The hull of the Mary Rose was excavated from the sea in 1982, and has since been sprayed with a cold-water spray and polyethylene glycol to replace the cellular structure of the wood. It is kept inside an environment that allows controlled air-drying. Schofield continuously monitors the amount of sulphur and iron in the warship, working with Serena Corr at the University of Glasgow. Sulphur is present on the seabed, and became incorporated into the hull of the warship whilst it was underwater. Anaerobic bacteria react with sulphur in seawater, which can then produce iron sulfides by combining with iron corroded from fixtures and artefacts. She also works with Rachel O'Reilly at the University of Birmingham as part of a Leverhulme Trust grant that looks to develop polymers that can remove iron ions from the wood, which could prevent these damaging acids from forming. To do this, Corr, O'Reilly and Schofield use core magnetic iron oxide nanoparticles that are embedded them into a thermoresponsive polymer. The treatment can be applied as a liquid, directed to particular areas of the wood using external magnetic fields. They can then be set as a gel and peeled from the surface. She studied twelve of Henry VIII of England's iron cannonballs using synchrotron X‐ray powder diffraction.
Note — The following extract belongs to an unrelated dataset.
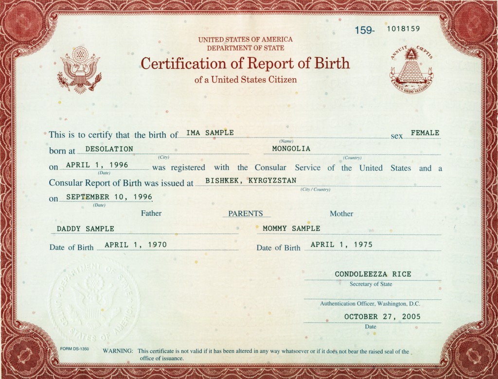 DS-1350 Certification of Report Birth issued by Department of State, United States: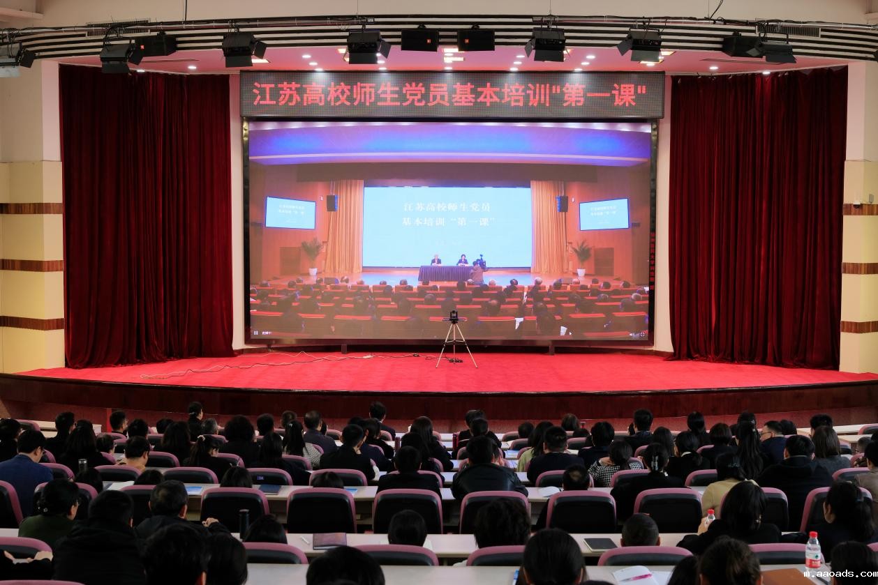 3月30日下午,江苏省委教育工委组织开展江苏高校师生党员集中培训“第一课”。二十届中央委员、中央党校(国家行政学院)分管日常工作的副校(院)长谢春涛以“中国共产党与中华民族伟大复兴”为题作专题辅导。省委副书记沈莹主持。校党委书记祝木伟,党委常委、组织部部长杜刚在南京大学主课堂参加培训,校领导班子其他成员和全校5000余名师生党员通过线上直播形式参加培训。

She studied the composition of the cannonballs in an effort to better preserve them. The cannonballs were produced in bulk, but subjected to different conservation methods and environments. When chlorine from salt gets inside the archaeological iron it becomes corrosive. The Mary Rose Trust keeps 900 of the cannonballs preserved in high pH water to slows down corrosion. She works with University College London and the National Physical Laboratory to study other pollutants in artefacts. She hopes that understanding the corrosion of iron will inform future conservation.

Schofield was selected as one of the Royal Society of Chemistry 175 Faces of Chemistry in 2015. In 2016, 471 years after the Mary Rose sank, Schofield was involved with the reopening of the ship to the public. In 2016 she delivered a public lecture at the Royal Society of Chemistry public lecture on Conserving a Tudor Collection. She was a speaker at the 2017 New Scientist Live. Schofield is an honorary Professor at the University of Kent.

In 2025 she was elected a Fellow of the Royal Academy of Engineering.